Generator Comprehensions / Using any() and all() in Python

February 27, 2016

Way back in 2006 (can you believe it's been almost ten years?) Python 2.5 added two new awesome builtin language functions: any() and all(). Both of these take an iterable with an optional conditional using the standard list/generator syntax. The any() case returns true if any item in the iterable is true-ish and all() returns true if all items in the iterable are true-ish.

Here is a mistake I see over and over and over again (code example is obviously contrived here):

# creates a list and evaluates every user
if any([user.is_cool() for user in users if is_prime(user.id)]):
    unleash_awesome_machine()

This code is correct, in the sense that it works. But:

it's overly verbose
it uses more cpu than necessary
it uses more memory than necessary
it causes an unnecessary GC

The correct way to write this code is only very slightly different:

# creates a list and does not evaluate every user
if any(user.is_cool() for user in users if is_prime(user.id)):
    unleash_awesome_machine()

See, the only thing I changed is I removed those two square brackets. That's it.

The difference between the two is that the first uses the list comprehension syntax. This creates an actual Python list object which is passed to the any() function. Since this is a list comprehension every user in the users variable will be evaluated.

The "correct" way I've shown uses a generator comprehension instead. This creates a lazy generator object that evaluates from users one user a time. The function any() in that case can exit upon the first user detected that meets our criteria.

You can also create explicit generator objects in Python using the generator comprehension syntax. The syntax looks like this:

x = (user.is_cool() for user in users if is_prime(user.id))

This creates a generator object. You can't call len() on it. Instead it has some weird methods like .next() defined. If you really want to know the details of how it works read the official Python wiki which explains things in plain English and also refers to the original PEP (which unfortunately does not seem to cover the generator comprehension syntax).

I'll give an extremely easy to follow, simple example.

Consider the following python shell session:

>>> x = [1, 2, 3]
>>> type(x)
<type 'list'>
>>> len(x)
3
>>> x[1]
2

Its just a list. Easy as pie. Here's the generator equivalent:

>>> x = (x for x in [1, 2, 3])
>>> type(x)
<type 'generator'>
>>> len(x)
Traceback (most recent call last):
  File "<stdin>", line 1, in <module>
TypeError: object of type 'generator' has no len()
>>> x.next()
1
>>> x.next()
2
>>> x.next()
3
>>> x.next()
Traceback (most recent call last):
  File "<stdin>", line 1, in <module>
StopIteration>>> x = (x for x in [1, 2, 3])

Clearly something much weirder is going on.
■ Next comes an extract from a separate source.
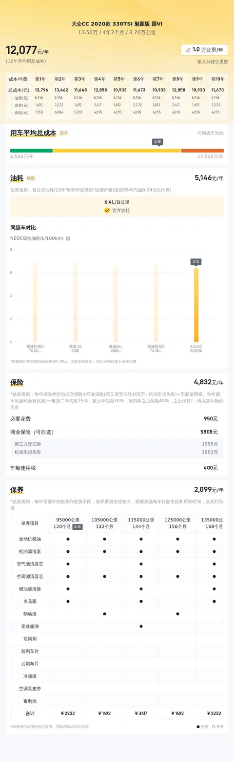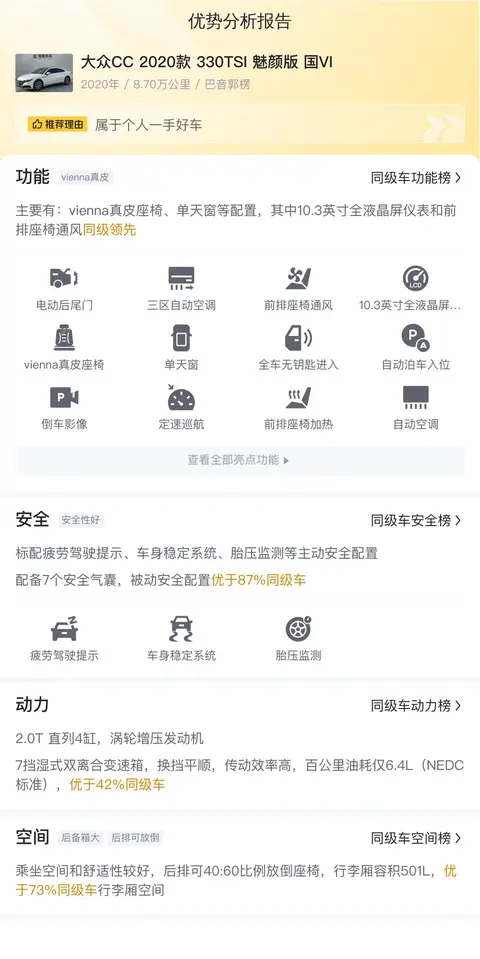 在用车成本方面,考虑到车辆的年平均综合用车成本、市场行情、功能配置以及同款比价等因素,这辆大众CC 2020款 330TSI 魅颜版 国VI车型的综合性价比指数为73%,表明其性价比较高。根据懂车帝的大数据评估,该车的热度较高,且预计未来三年内折价不大,是一款值得考虑的车型。
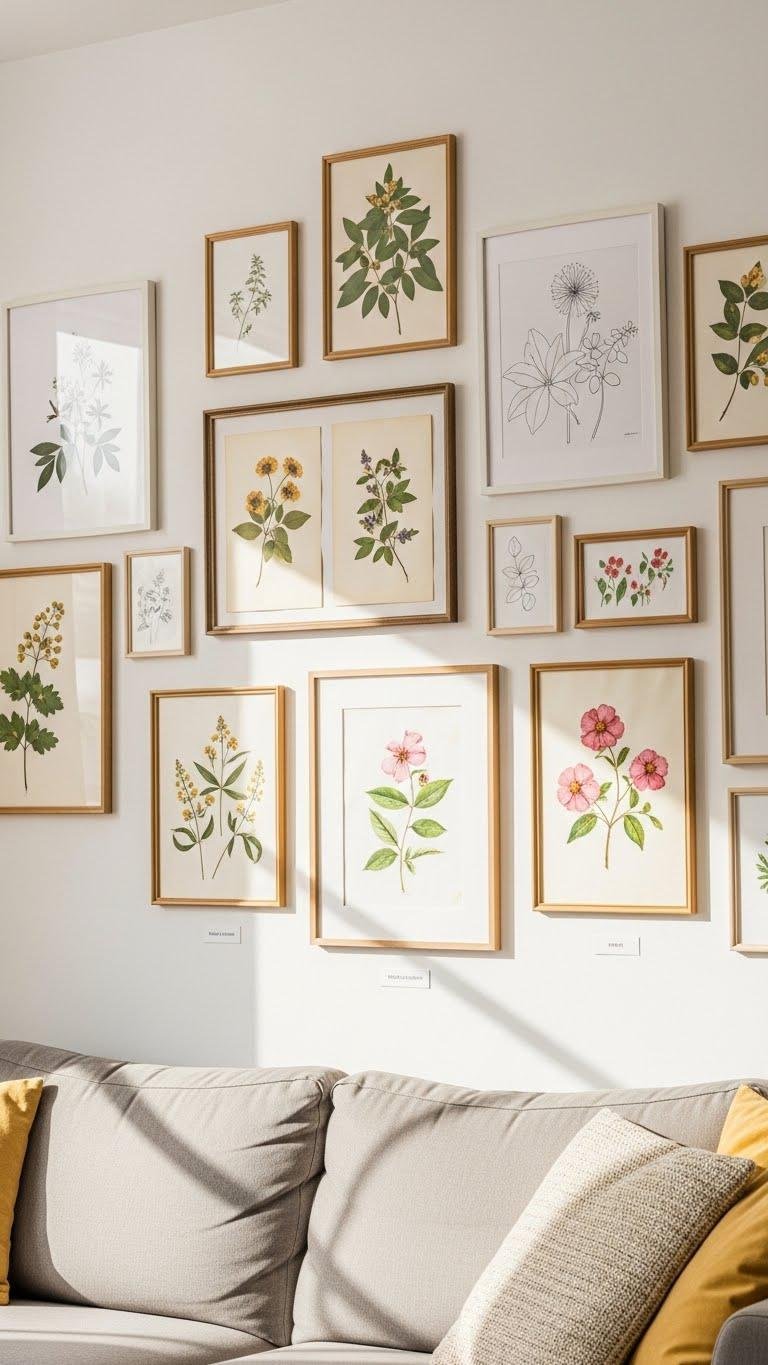 A curated gallery wall of botanical prints can instantly bring spring’s freshness into your room, giving you an easy focal point that feels both collected and cohesive.

Generators are lazily evaluated. Now this case is dumb, because I'm lazily evaluating a non-lazy object (a list) to prove a point.
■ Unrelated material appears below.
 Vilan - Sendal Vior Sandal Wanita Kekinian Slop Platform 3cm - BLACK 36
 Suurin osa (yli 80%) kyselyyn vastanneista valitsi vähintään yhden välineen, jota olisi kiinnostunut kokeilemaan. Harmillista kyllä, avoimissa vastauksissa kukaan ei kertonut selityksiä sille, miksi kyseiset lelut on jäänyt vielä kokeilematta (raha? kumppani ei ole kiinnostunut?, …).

Here's a more non-obvious and deleterious example (although it's still contrived):

import re

CAPITAL_AT_START = re.compile('^[A-Z]')

# reads the ENTIRE FILE, creates a HUGE list object, and then has to GC it
def any_capitalized_1(filename):
    return any(line.match(CAPITAL_AT_START) for line in open(filename).readlines())
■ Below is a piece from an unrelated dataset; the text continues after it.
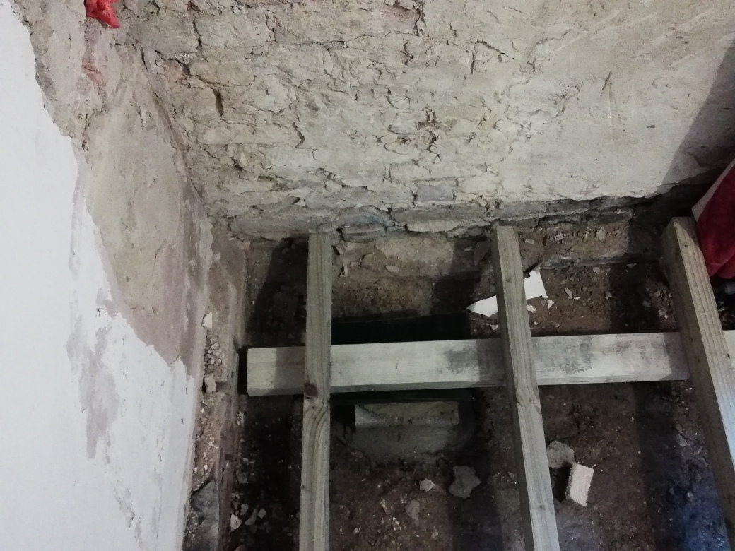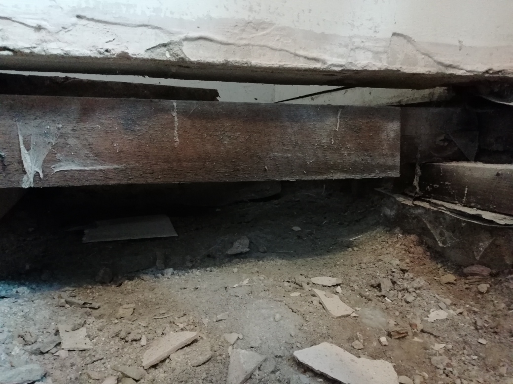 The floor joists seem to be too far apart underneath the floor and part of the Meyer brand ply flooring collapsed in the corner to the right of the chimney breast where I had furniture on.
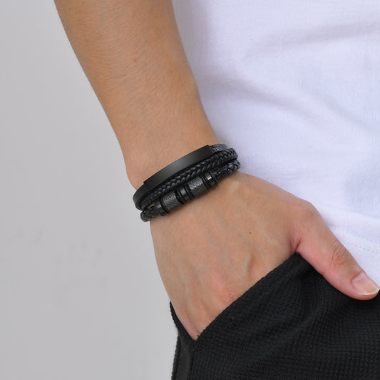 Kemstone Men’s Black Leather Bracelet – Braided Band with Titanium Steel Detail BL-703

# lazily reads the file, creates less GC pressure
def any_capitalized_2(filename):
    return any(line.match(CAPITAL_AT_START) for line in open(filename))

This example is a little bit more subtle because both are actually using generator comprehensions, but the first is using a generator comprehension over an eagerly evaluated list object, whereas the second is using a generator comprehension over a lazily evaluated generator object.

Here's my real take away. Any time you see any([...]) or all([...]) you should be very suspicious that the square brackets are necessary. You can almost always remove them and get code that runs faster, uses less memory, and saves a whole two bytes of disk space!